__Description of the task__. In the entries below, find the line containing "XUNATA Telecomando IR" and the line containing "지난 6개월간 고인과". Copy those two lines and everything between them exactly, and only that.

__Records for this task__.
◇ ◇ ◇

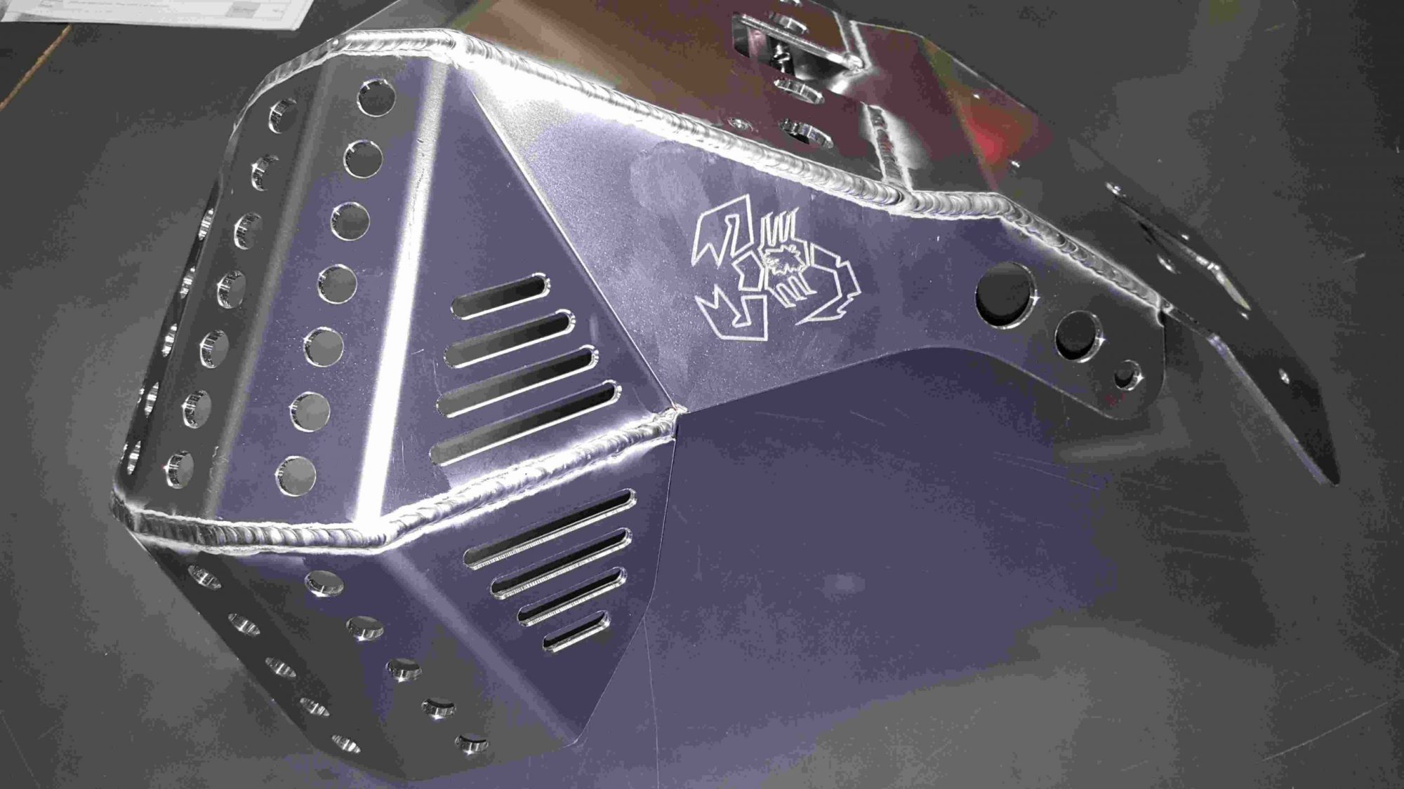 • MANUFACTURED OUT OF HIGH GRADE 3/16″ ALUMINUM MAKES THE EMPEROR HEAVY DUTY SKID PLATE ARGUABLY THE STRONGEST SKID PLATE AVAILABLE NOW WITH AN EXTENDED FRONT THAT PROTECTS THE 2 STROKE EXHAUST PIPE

◇ ◇ ◇

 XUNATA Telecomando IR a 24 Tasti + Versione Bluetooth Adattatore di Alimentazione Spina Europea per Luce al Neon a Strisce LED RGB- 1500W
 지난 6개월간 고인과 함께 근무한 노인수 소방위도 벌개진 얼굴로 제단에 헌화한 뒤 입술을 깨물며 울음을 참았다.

◇ ◇ ◇

__Response to this exercise__.
 XUNATA Telecomando IR a 24 Tasti + Versione Bluetooth Adattatore di Alimentazione Spina Europea per Luce al Neon a Strisce LED RGB- 1500W
 지난 6개월간 고인과 함께 근무한 노인수 소방위도 벌개진 얼굴로 제단에 헌화한 뒤 입술을 깨물며 울음을 참았다.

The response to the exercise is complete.